What a reviewer tests each line against
A filled-in template looks finished, but a budget reviewer reads it against a short set of standards before accepting any number. Under the 2 CFR 200 cost principles, every line must clear three tests. A cost has to be allowable, meaning the funder's rules and federal policy permit it; entertainment, alcohol, and lobbying routinely fail here. It has to be reasonable, meaning a prudent person would pay that amount for that item, which is why an inflated consultant rate or a luxury travel line draws questions. And it has to be allocable, meaning it genuinely benefits this project rather than your general operations, so a shared cost must be split by a defensible method rather than charged in full.
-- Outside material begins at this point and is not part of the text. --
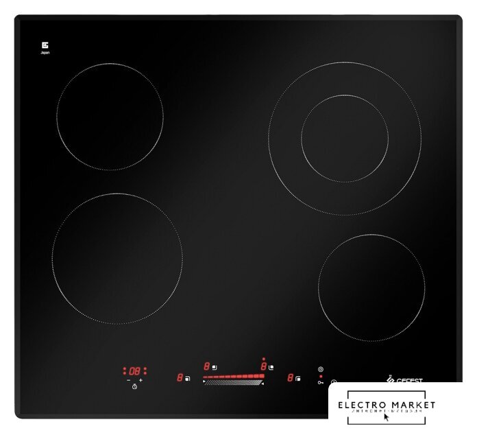 HiLight на 4 конфорки, cтеклокерамика, мощность: 6300 Вт, независимая установка, размеры (ШхГ): 60x51 см

The fourth, quieter test is consistency. A reviewer cross-checks the budget against the narrative, and a mismatch undermines both. If the narrative promises three staff and the budget funds two, or the timeline runs eighteen months while the budget covers twelve, the reader trusts neither document. Before you submit, read the budget as a skeptic would: every figure justified, every total footing, and every line traceable to an activity you actually described. A template that passes those four tests reads as the work of an organization that can be trusted with the money.
Pair the table with a narrative
A template gives you the numbers; it does not explain them. Every budget needs a written justification that ties each line to a project activity. Learn the method in our guide to building a budget narrative, and use the grant budget builder tool to assemble and total your categories before you write it up.
How to adapt the template safely
Three rules keep a template from causing trouble. First, match the funder's required format; many publish their own form. Second, check allowable costs, since food, lobbying, and some equipment are often disallowed. Third, confirm your math foots before you submit. A template is a starting point, not a substitute for reading the rules and checking the totals.